Si tratta di un percorso che si muove nelle varie epoche, senza pregiudizi, scoprendo la forza e la bellezza non solo dell’arte antica ma anche di quella moderna e contemporanea. Questo cammino è iniziato quasi per gioco e sulla scia degli studi compiuti all’Accademia di Belle Arti di Brera di Milano dove Paolo Quattrone si è laureato nel 2008. La sfida è quella di riscoprire l’arte come canale privilegiato per rientrare in noi stessi, parlare di Dio e andare a Lui.
Il pensiero di fondo che caratterizza questa esperienza è quello che un’opera d’arte è tale nel momento in cui riesce a farci andare oltre la superficie, oltre la realtà.
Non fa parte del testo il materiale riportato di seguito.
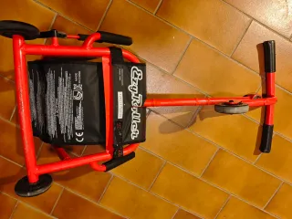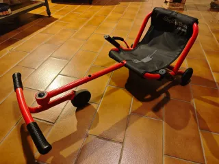 Patinete Ezyroller Classic en color rojo, una alternativa divertida a la bicicleta. - Estructura de metal rojo. - Asiento de tela negro. - Ruedas negras. Para pequeños y grandes, tiene el tubo de ampliación.
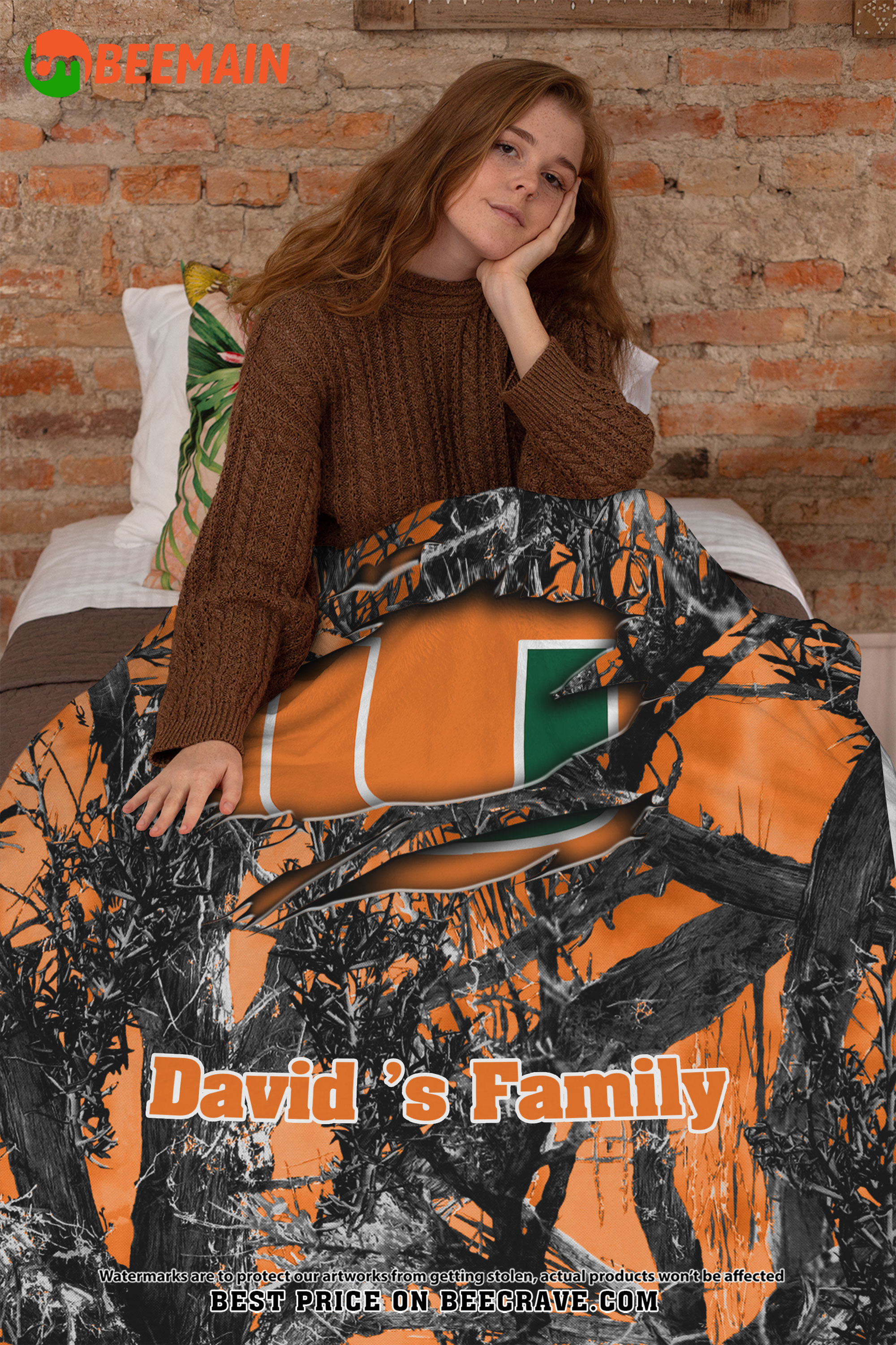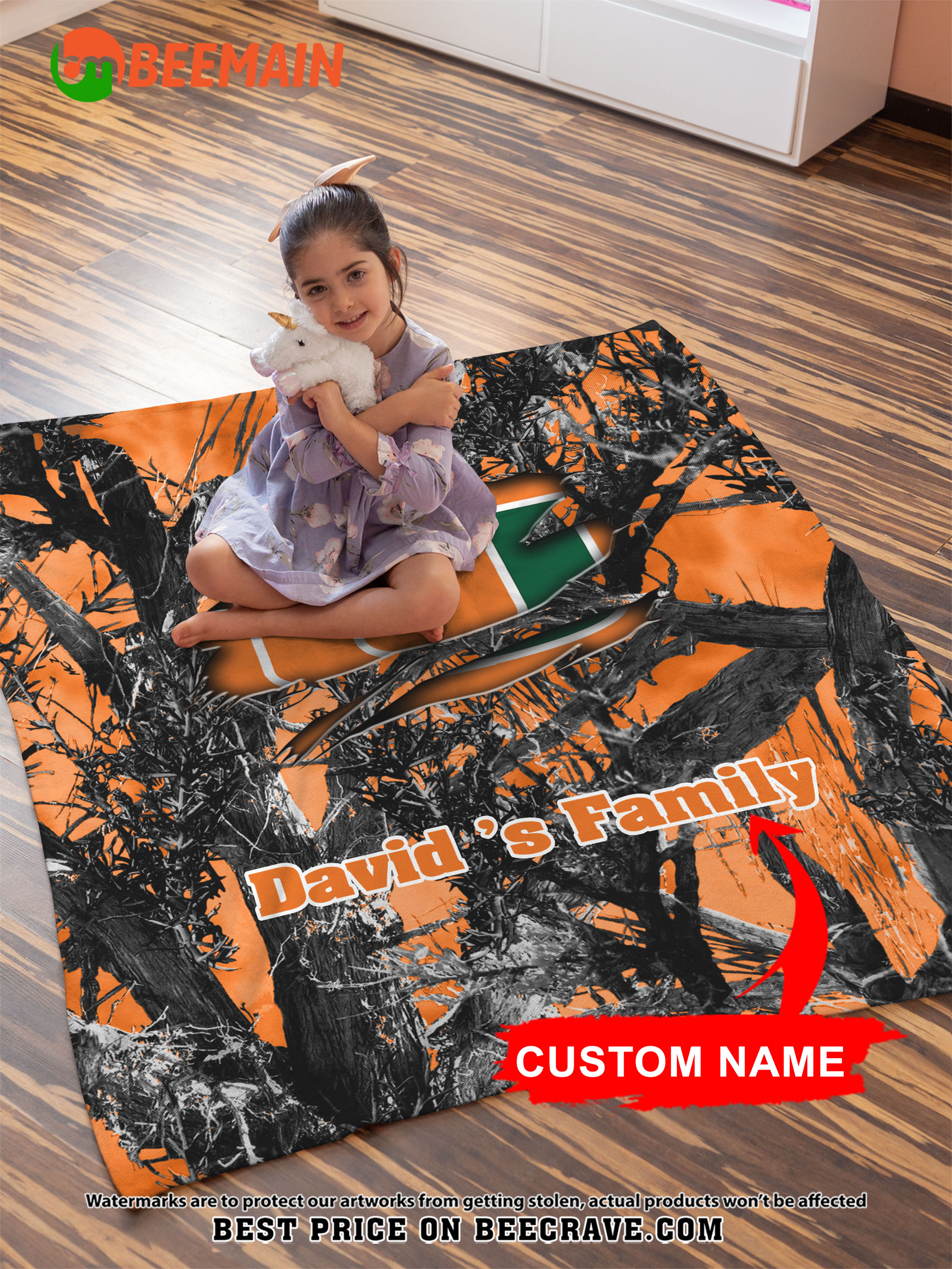 ZNCAA Miami Hurricanes – Football Camo Blanket – Custom Name

L’artista, come sosteneva Kandinskij, è un sacerdote che ha la missione di aprirci una finestra verso l’oltre, per farci accorgere che esiste una dimensione spirituale, per aiutarci ad esplorare i sentieri dello spirito. Questo ha portato don Quattrone ad affermare senza ombra di dubbio che tutta l’arte è sacra. E’ un errore immenso distinguere tra arte sacra e profana! Esiste l’arte religiosa e non, ma non è il soggetto rappresentato che rende sacra o meno una pittura, una scultura, un brano musicale o un film ma è ciò che trasmette, l’energia, la forza che suscita nel cuore dello spettatore.
Questa esperienza è possibile non soltanto ammirando opere a soggetto religioso ma anche contemplando quadri, sculture, installazioni che apparentemente sembrano non comunicare nulla di profondo. Un’opera d’arte è tale quando acquista una sua autonomia, una vita propria, quando riesce a far compiere all’osservatore riflessioni e percorsi che vanno oltre le intenzioni dell’autore.
Accostare Parola di Dio e arte vuol dire far convivere due canali che hanno la finalità di farci andare oltre la superficie, che conducono l’uomo a pensare, a scoprire la dimensione spirituale della propria esistenza.